In this case, the subtext is clear: On issues of slavery and segregation, the subject is no longer American History, but rather, Our History, and it should therefore be taught only by Us. The white teacher, being one of Them, must be banished from the classroom.
Indeed, beneath those remarks, one can almost feel the shame and blame on both sides echoing back through the generations: for the blacks, who feel the need to assure youngsters that it’s not their fault, and for the whites, who must temper their disagreement because, after all, their kind did the enslaving.
But I think there is, besides that last, damning quote from the article, a valid point to be made. As one commenter put it: With two equally qualified teachers, one black, one white, the black teacher should presumably have an edge because they have a greater understanding of “the nuances of the culture.”
Does it follow, then, that only Jewish teachers should be allowed to teach about the Holocaust? Native Americans to describe Manifest Destiny? Teachers with Arab blood to describe the Crusades? No, but here’s why: Single-ethnicity American schools for those races are rare. So when we examine those circumstances, we picture a white professor teaching about the Holocaust to a diverse class — a class in which case the students are much less likely to feel a collective inferiority. The situation changes when, for example, a white teacher is sent to teach Manifest Destiny to an all-Native-American class. In that case, the same furor would have erupted, and understandably so.
The lesson, I think, is that schools composed of a single ethnicity can amplify insecurities and protectionism, and that integration, wherever possible, should be the route taken to diffuse those concerns.
The second story comes by way of Court Schuett at Miniluv:
First public gay high school to open in NYC
The Harvey Milk High School will enroll about 100 students and open in a newly renovated building in the fall. It is named after San Francisco’s first openly gay city supervisor, who was assassinated in 1978.
“I think everybody feels that it’s a good idea because some of the kids who are gays and lesbians have been constantly harassed and beaten in other schools,” Mayor Michael Bloomberg said Monday. “It lets them get an education without having to worry.”
The Hetrick-Martin Institute’s Web site says the school will give its students “an opportunity to obtain a secondary education in a safe and supportive environment. … We believe that success requires the ability to respect and value the diverse human community.”
Maybe someone can explain how allowing gays to separate themselves teaches respect for “the diverse human community.”
It seems that many blacks and gays have given up on the task of integrating with mainstream America. While they continue to work at gaining positions of cultural influence (hip-hop music, gay-oriented sitcoms, etc.), there is a growing disdain for living and interacting with white or straight folk in everyday life. How else to square their statements of “We’re here, diversity is good, accept us,” with their actions of withdrawing into their own gay schools and historically black colleges?
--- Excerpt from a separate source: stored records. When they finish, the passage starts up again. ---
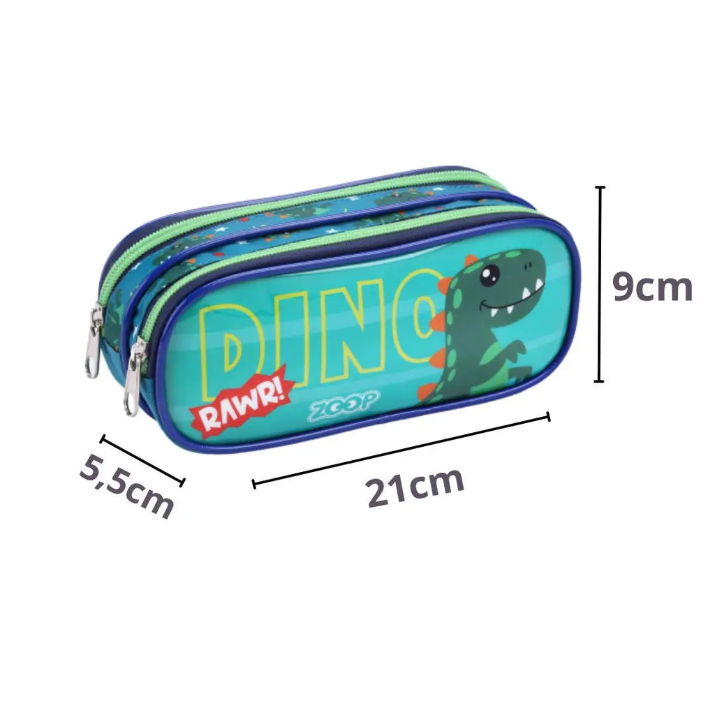 Kit Mochila de Carrinho Dinossauro Verde Estojo Infantil com Dois Compartimentos Masculino Meninos Crianças Seanite
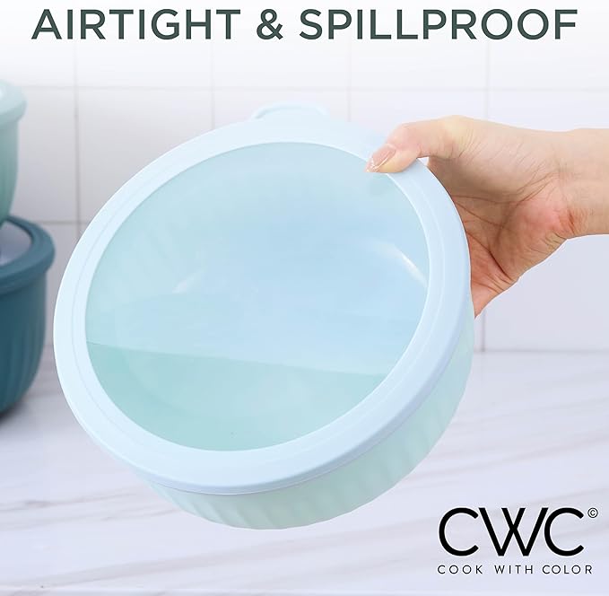 - Cook with Color 12 piece plastic mixing bowl set - non slip bowls with lids; easy to clean, sturdy mixing bowls.
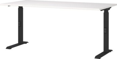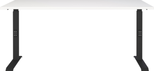 blad van spaanplaat met krasvaste en onderhoudsvriendelijke melamineharscoating in decor wit. rand alle randen zijn door slagvaste ABS-randen beschermd tegen ontsierende scheuren en beschadigingen. C-voetonderstel van metaal met slag- en krasvaste poedercoating in zwart. hoogteverstelling door mechanisme. frame met nivelleerbare kunststof glijders, ideaal voor het opheffen van oneffenheden in de vloer.
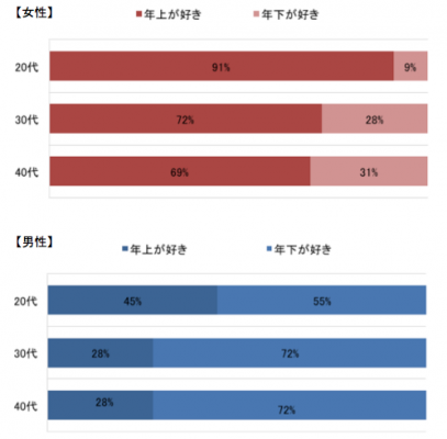 また、女性の方が年上好き、男性の方が年下好きとなっています。
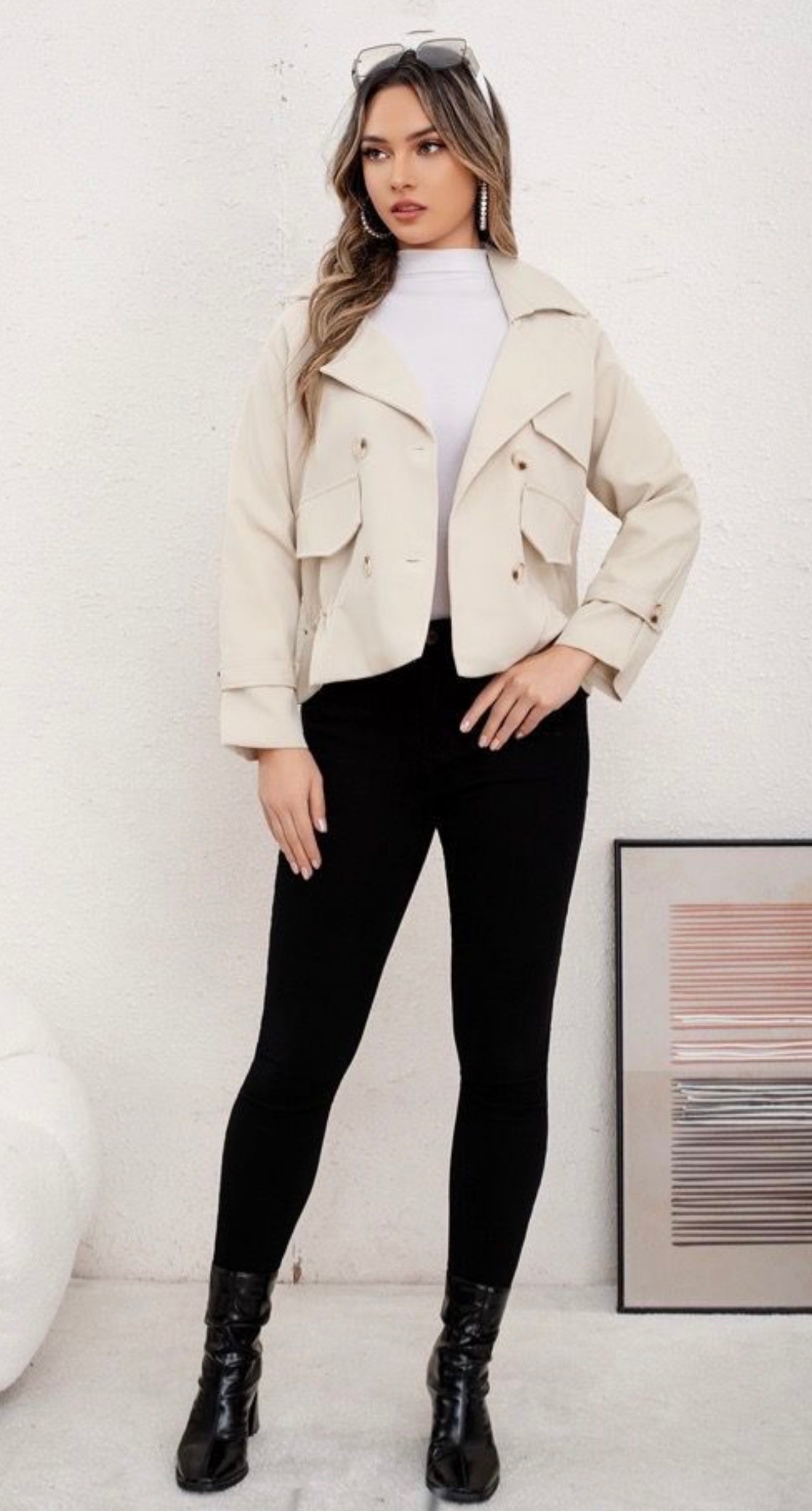 CHAMARRA LIGERA CON BOLSAS TIPO CARGO Y BOTON DOBLE
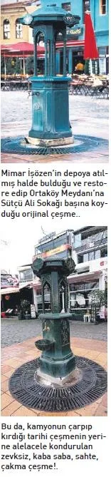 Ortaköy Meydanı'nın açılışında halkın ilgisini gören o zarif, antik ve tarihi çeşmenin yerini, bir döküm firması tarafından taklit olarak üretilmiş; oranları uyumsuz, üzerindeki tuğrası taklit, kemerli süslemeli alnı değiştirilmiş çakma çeşme aldı.
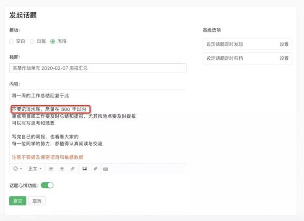 每周,我们会用语雀话题知识库建立一个周报话题,在内容说明中详细标明:不要记流水账,尽量在800字以内。(对于日报,我们的字数限制是 200 字)
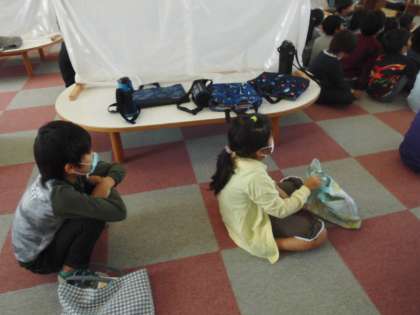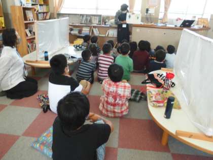 図書支援員の先生の読み聞かせを静かに聞きました。
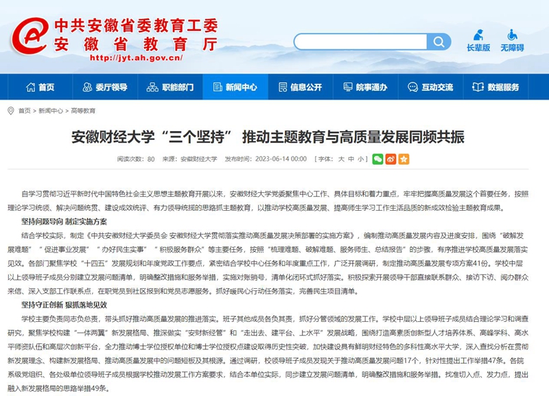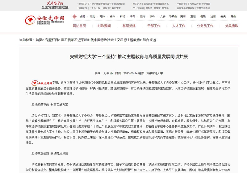 6月14日,安徽先锋网、安徽教育网以《乐竞在线注册“三个坚持” 推动主题教育与高质量发展同频共振》为题,报道我校自学习贯彻习近平新时代中国特色社会主义思想主题教育开展以来,学校党委聚焦中心工作、具体目标和着力重点,牢牢把握高质量发展这个首要任务,按照理论学习统领、解决问题统贯、建设成效统评、有力领导统揽的思路抓主题教育,以推动学校高质量发展、提高师生学习工作生活品质的新成效检验主题教育成果。
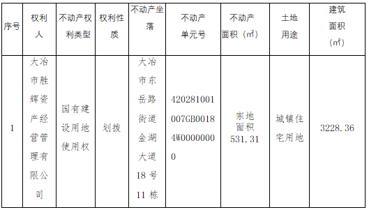 大冶市胜辉资产经营管理有限公司位于大冶市东岳路街道金湖大道18号11栋,因办理不动产登记需要进行不动产地籍调查,根据《国土资源部关于做好不动产权籍调查工作的通知》(国土资发【2015】41号)、《地籍调查规程》(GB/T 42547-2023)、《自然资源部关于加快解决不动产登记若干历史遗留问题的通知》(自然资发[2021]1号文)、鄂自然资函【2020】390号文,及相关法律法规,现将该宗地不动产地籍调查结果予以公示,若相关邻宗地土地权属人对该宗地的公示情况有异议的,请自本公告之日起十五个工作日内将异议书面材料送达我中心。逾期无人提出异议或异议不成立的,我中心将按不动产地籍公告结果予以登记。

In this case, it is no longer enough to root out (or enlighten) the individual offenders. Rather, groups who feel persecuted must band together and, with government help, secede from the mainstream.
These actions do not foster acceptance on either side. Instead, they foster a victim mentality in children, teaching them that they are, by their very nature, persecuted by society. Whenever slighted, they are told, the only recourse is to withdraw to their own kind and lick their psychological wounds in perpetuity.